(DATA IN THIS EXERCISE)

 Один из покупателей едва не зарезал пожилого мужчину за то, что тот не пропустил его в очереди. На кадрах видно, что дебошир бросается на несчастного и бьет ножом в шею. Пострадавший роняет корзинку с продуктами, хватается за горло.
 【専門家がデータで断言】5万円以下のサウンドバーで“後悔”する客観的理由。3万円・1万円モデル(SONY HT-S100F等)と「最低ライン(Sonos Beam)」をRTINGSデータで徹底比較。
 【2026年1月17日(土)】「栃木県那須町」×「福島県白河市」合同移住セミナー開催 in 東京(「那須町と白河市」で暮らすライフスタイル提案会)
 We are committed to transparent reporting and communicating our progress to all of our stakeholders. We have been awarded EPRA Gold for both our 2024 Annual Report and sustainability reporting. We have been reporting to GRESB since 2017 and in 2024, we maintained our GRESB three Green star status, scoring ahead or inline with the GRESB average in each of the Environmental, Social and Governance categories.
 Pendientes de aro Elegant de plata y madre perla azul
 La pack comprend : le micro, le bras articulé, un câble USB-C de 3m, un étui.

(End DATA IN THIS EXERCISE)
(DATA IN THIS EXERCISE)

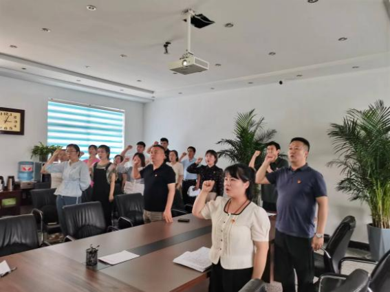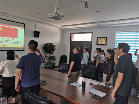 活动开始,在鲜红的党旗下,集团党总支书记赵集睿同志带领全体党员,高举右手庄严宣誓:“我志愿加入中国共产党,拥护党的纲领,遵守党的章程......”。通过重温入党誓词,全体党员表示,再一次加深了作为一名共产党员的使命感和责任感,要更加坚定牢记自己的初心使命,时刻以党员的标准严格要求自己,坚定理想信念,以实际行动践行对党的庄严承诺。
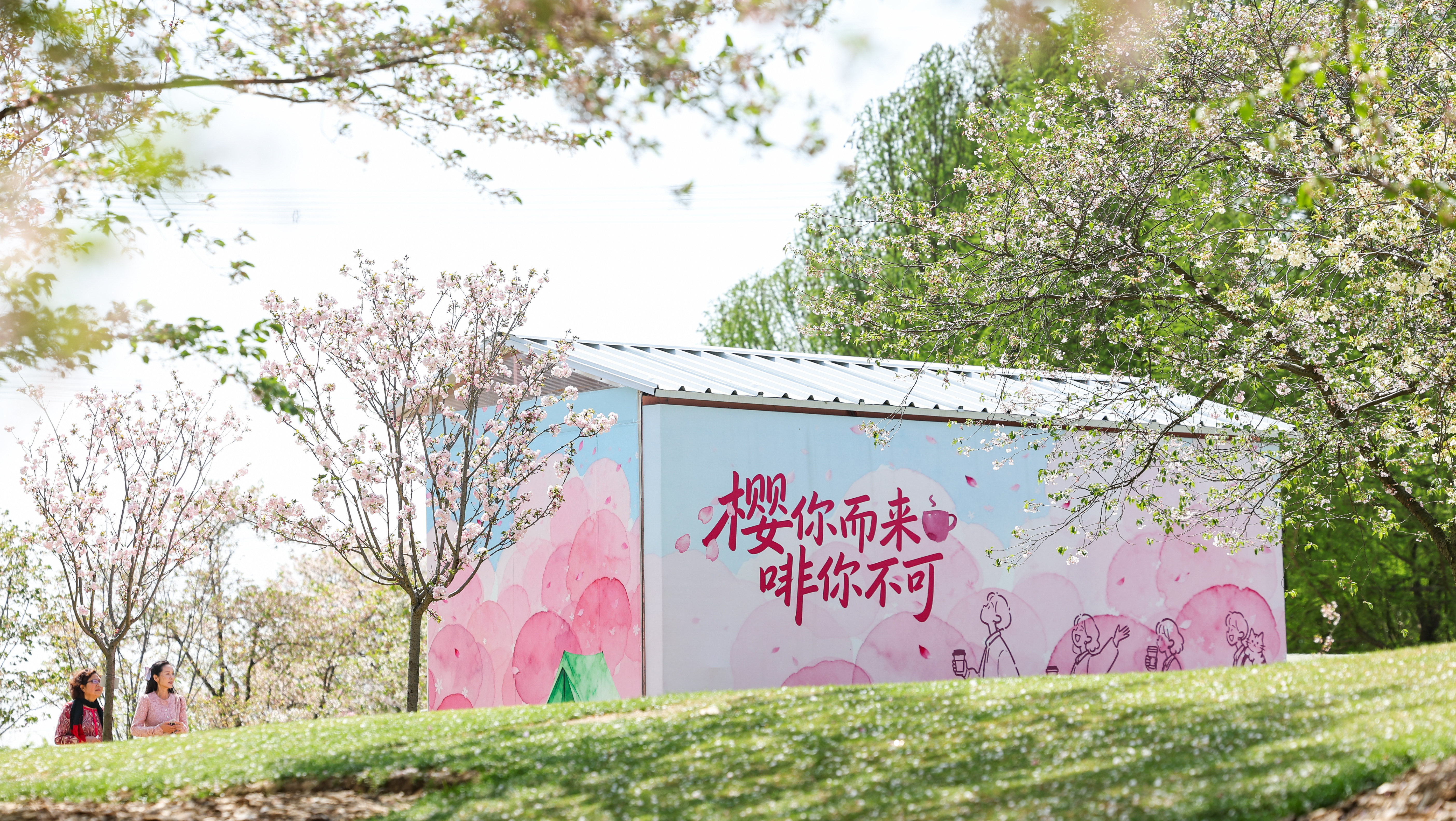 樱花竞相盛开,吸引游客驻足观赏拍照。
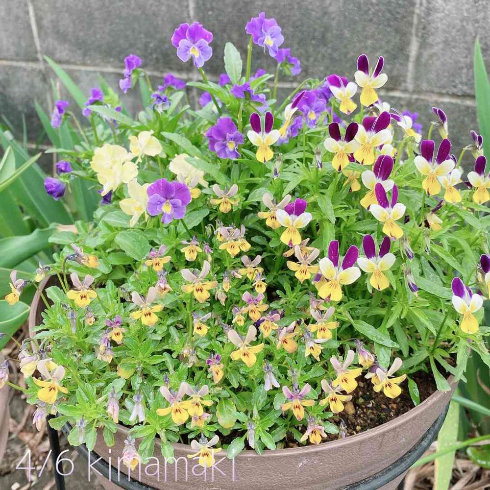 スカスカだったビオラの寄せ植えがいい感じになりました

(End DATA IN THIS EXERCISE)

## WORK REQUEST
Retype exactly the span of lines from the one with "Pendientes de aro" through the one with "La pack comprend"; include both ends and omit the rest of the material.

## RESPONSE TO THIS TASK
 Pendientes de aro Elegant de plata y madre perla azul
 La pack comprend : le micro, le bras articulé, un câble USB-C de 3m, un étui.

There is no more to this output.